Background information
- Born: Benjamin Harvey Bailey Smith London, England
- Genres: Comedy; hip hop;
- Occupations: Actor; comedian; rapper; screenwriter; songwriter; producer; voiceover artist;
- Years active: 2000–present
- Member of: Poisonous Poets
- Website: docbrown.co.uk

= Ben Bailey Smith =

English actor, comedian, rapper, screenwriter (born 1977)

Benjamin Harvey Bailey Smith, professionally known as Doc Brown, is an English actor, comedian, rapper, screenwriter, songwriter, producer, and voiceover artist. He portrayed DS Joe Hawkins in the television series Law & Order: UK. He is also known for portraying Nathan Carter in the CBBC television series 4 O'Clock Club from 2012 to 2015, and Imperial Security Bureau agent Lieutenant Supervisor Blevin in Andor. He also voiced a number of episodes of the show Funny Animals: Unleashed, aired via 4MUSIC.

== Early life and education ==
Doc Brown was born Benjamin Harvey Bailey Smith, son of a Jamaican-born British woman, Yvonne Bailey, and an Englishman, Harvey Smith, who was 30 years his wife's senior. Raised in the Willesden area of north-west London, Smith is the younger brother of novelist and essayist Zadie Smith. They also have a younger brother Luke, who performs as a professional rapper under the name Luc Skyz.

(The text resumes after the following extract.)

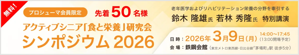 2026年3月9日(月)、東京の鉄鋼会館にて「アクティブシニア『食と栄養』研究会 シンポジウム2026」が開催されます。このシンポジウムは、プロシューマ会員を対象とした無料のイベントで、参加者には最新の老年医学やリハビリテーション栄養に関する情報が提供される貴重な機会です。

Smith attended Hampstead School. He said that he'd acquired the nickname "Doc Brown" at school, after the scientist in the film Back to the Future, because he was "gangly and geeky". When he started doing rap battles as a teenager, it became his hip-hop handle.

==Career==
===Music===
Doc Brown began performing as a battle rapper in 2000, appearing at the Dingwalls nightclub in Camden Lock, and later at the "Jump Off" competition in Soho. He released his debut album Citizen Smith Volume 1 in 2004. This was followed by The Document and Citizen Smith: Volume 2: Nothing to Lose, released in 2005 and 2006 respectively, before he went on a hiatus in his solo musical career.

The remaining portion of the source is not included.